Fortunately, judging by the comments to Florida’s post, most of The Atlantic’s readers seem not to be confused. As “Aaron” wrote shortly before 3:30 today: “It would appear that most of the comments realize that this map is unsurprising, misleading, and -frankly- irrelevant.”
I'm beginning to think there is a larger lesson here.
Here's what happened:
Richard Florida took ProPublica's bailout numbers and created a map purporting to track stimulus dollars. (ProPublica has never "mapped" the bailout.) We told him of his error, so he re-labelled it as a bailout map (which makes little conceptual sense).
Matt Yglesias saw the original post but not the corrected one that had already gone up and posted a piece criticizing ProPublica. We pointed out the facts to him and his re-labeled it as a criticism of Florida.
Now CJR posts a piece saying ProPublica's "idea" to map the bailout "probably wasn't the best", even though it wasn't our idea and we didn't do it.
Does anyone else think that the lesson here is that more phone calls should be made before hitting the "psot" button?
#1 Posted by Richard Tofel, CJR on Sun 23 Aug 2009 at 08:43 AM
I'm beginning to think there is a larger lesson here.
Here's what happened:
Richard Florida took ProPublica's bailout numbers and created a map purporting to track stimulus dollars. (ProPublica has never "mapped" the bailout.) We told him of his error, so he re-labelled it as a bailout map (which makes little conceptual sense).
Matt Yglesias saw the original post but not the corrected one that had already gone up and posted a piece criticizing ProPublica. We pointed out the facts to him and his re-labeled it as a criticism of Florida.
Now CJR posts a piece saying ProPublica's "idea" to map the bailout "probably wasn't the best", even though it wasn't our idea and we didn't do it.
Does anyone else think that the lesson here is that more phone calls should be made before hitting the "post" button?

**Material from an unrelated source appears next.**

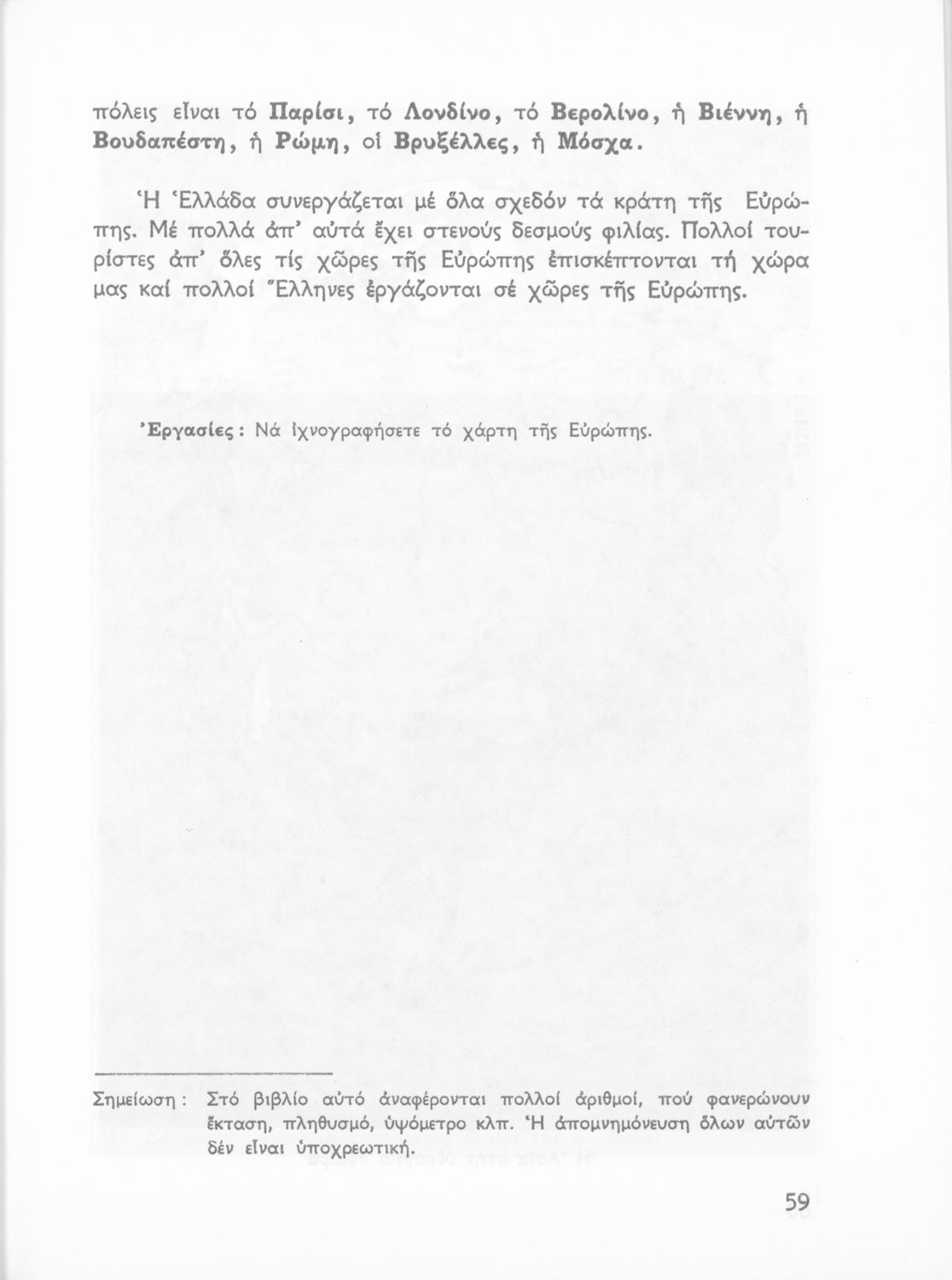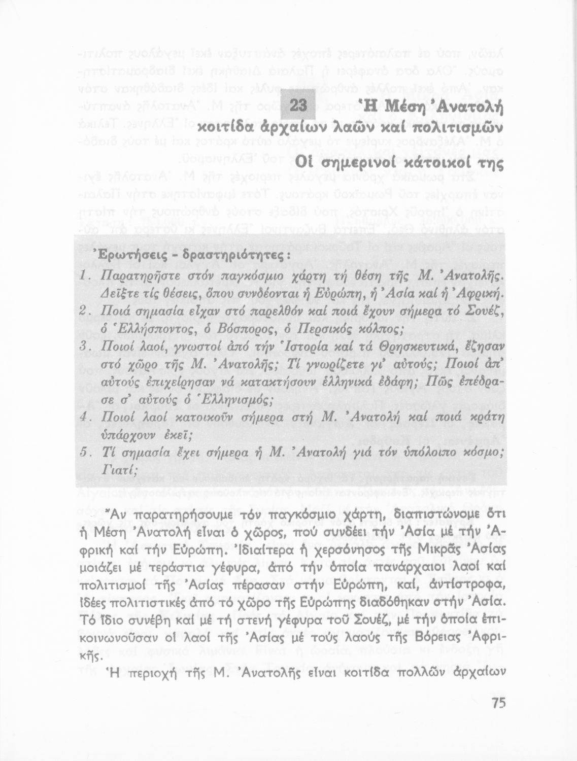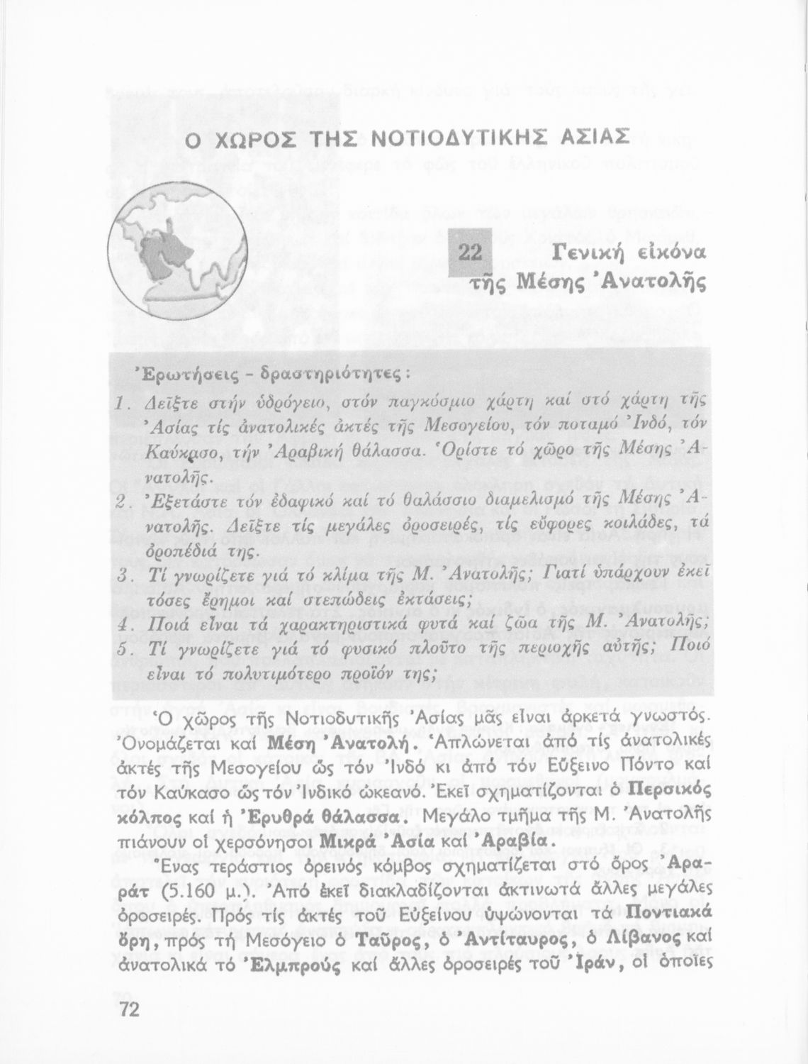 Σχολικό εγχειρίδιο Γεωγραφίας Ε΄ Δημοτικού που περιλαμβάνει εισαγωγή στη φυσική γεωγραφία εξετάζει την Ελλάδα και ενδεικτικές χώρες και περιοχές από τις πέντε ηπείρους, εκτός της Ευρώπης, από γεωφυσική και πολιτική άποψη.

#2 Posted by Richard Tofel, CJR on Sun 23 Aug 2009 at 08:44 AM
Richard --
Thanks for your comment, but I'm a little confused. The link in this post under the words "mapped by ProPublica" takes readers to this page -- http://bailout.propublica.org/main/map/index -- which is on the ProPublica site and is headlined "The Map of Bailout Recipients." That's what I was referring to as "ProPublica's idea to 'map' the bailout." That's also the page to which Florida linked in his post.